• _THE INPUT_
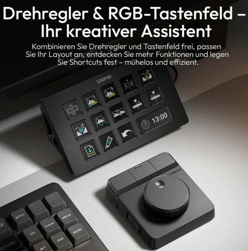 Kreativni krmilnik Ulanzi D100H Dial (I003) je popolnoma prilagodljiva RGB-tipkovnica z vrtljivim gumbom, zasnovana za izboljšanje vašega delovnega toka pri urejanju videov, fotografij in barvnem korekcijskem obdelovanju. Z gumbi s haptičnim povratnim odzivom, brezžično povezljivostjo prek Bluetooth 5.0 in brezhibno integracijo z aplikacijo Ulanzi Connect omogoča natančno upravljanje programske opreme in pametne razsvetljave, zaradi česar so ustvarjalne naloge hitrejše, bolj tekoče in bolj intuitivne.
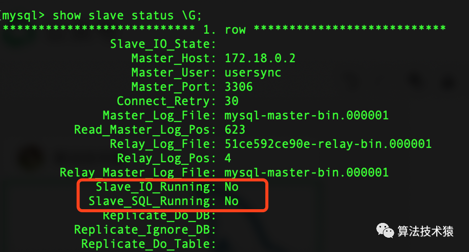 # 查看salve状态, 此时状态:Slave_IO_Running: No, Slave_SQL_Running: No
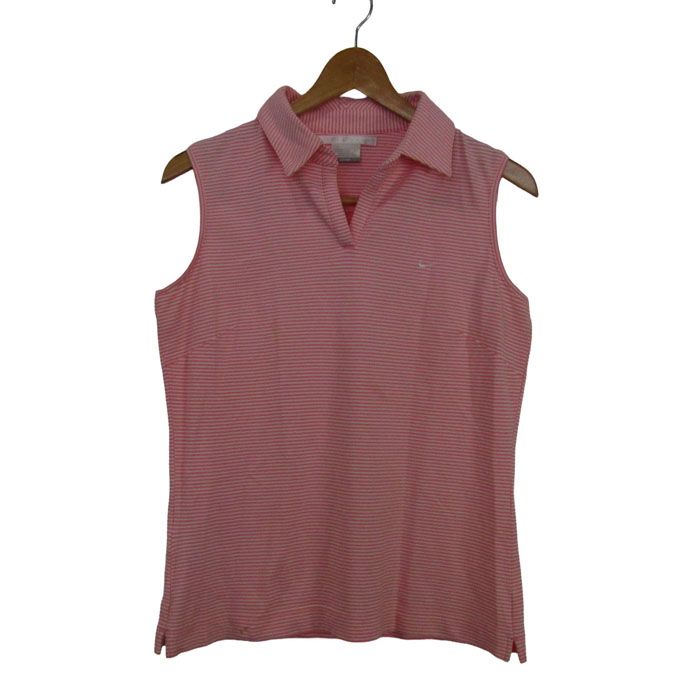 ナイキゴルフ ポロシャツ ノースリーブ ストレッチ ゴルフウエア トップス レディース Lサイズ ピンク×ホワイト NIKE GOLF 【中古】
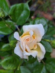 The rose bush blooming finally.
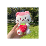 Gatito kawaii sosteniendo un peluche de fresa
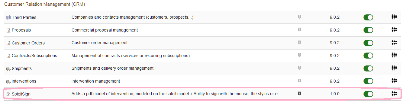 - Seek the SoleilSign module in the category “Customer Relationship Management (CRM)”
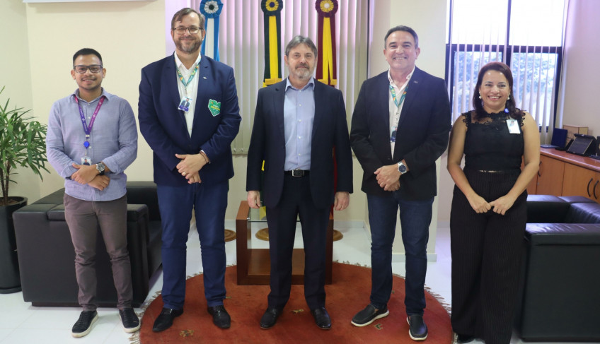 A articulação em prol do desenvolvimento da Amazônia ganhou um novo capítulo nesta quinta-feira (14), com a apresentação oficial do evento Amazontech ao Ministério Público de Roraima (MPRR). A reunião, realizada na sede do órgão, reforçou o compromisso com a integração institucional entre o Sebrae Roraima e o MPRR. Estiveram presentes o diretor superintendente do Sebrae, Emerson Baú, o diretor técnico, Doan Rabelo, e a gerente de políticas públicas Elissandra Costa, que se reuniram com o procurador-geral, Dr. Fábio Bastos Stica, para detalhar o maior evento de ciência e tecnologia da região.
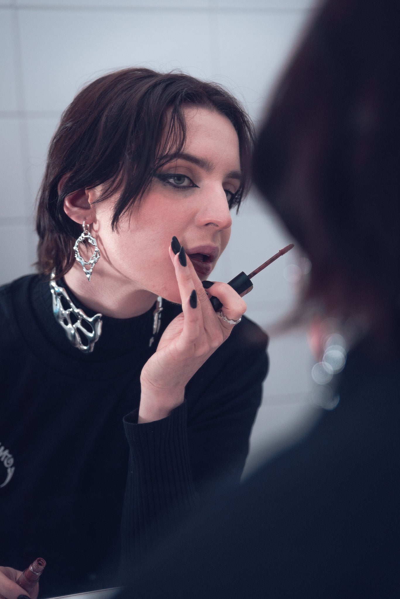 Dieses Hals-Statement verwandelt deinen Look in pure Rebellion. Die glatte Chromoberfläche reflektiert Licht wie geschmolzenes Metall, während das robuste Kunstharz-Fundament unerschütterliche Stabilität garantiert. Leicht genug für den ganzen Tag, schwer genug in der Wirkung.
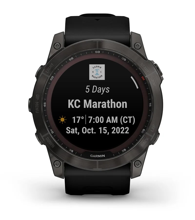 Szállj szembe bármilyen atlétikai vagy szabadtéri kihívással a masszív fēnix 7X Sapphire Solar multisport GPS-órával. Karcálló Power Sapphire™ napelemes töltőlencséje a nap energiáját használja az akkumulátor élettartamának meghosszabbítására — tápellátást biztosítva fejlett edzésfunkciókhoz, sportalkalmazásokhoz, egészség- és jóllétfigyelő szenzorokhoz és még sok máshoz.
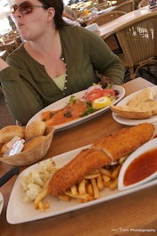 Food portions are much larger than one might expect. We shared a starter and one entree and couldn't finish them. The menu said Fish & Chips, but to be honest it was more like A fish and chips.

• _PROBLEM STATEMENT_
What is needed is an exact copy of the lines from the one containing "Dieses Hals-Statement verwandelt" through the last line of the records, with every picture left out.

• _ANSWER SPACE_
 Dieses Hals-Statement verwandelt deinen Look in pure Rebellion. Die glatte Chromoberfläche reflektiert Licht wie geschmolzenes Metall, während das robuste Kunstharz-Fundament unerschütterliche Stabilität garantiert. Leicht genug für den ganzen Tag, schwer genug in der Wirkung.
 Szállj szembe bármilyen atlétikai vagy szabadtéri kihívással a masszív fēnix 7X Sapphire Solar multisport GPS-órával. Karcálló Power Sapphire™ napelemes töltőlencséje a nap energiáját használja az akkumulátor élettartamának meghosszabbítására — tápellátást biztosítva fejlett edzésfunkciókhoz, sportalkalmazásokhoz, egészség- és jóllétfigyelő szenzorokhoz és még sok máshoz.
 Food portions are much larger than one might expect. We shared a starter and one entree and couldn't finish them. The menu said Fish & Chips, but to be honest it was more like A fish and chips.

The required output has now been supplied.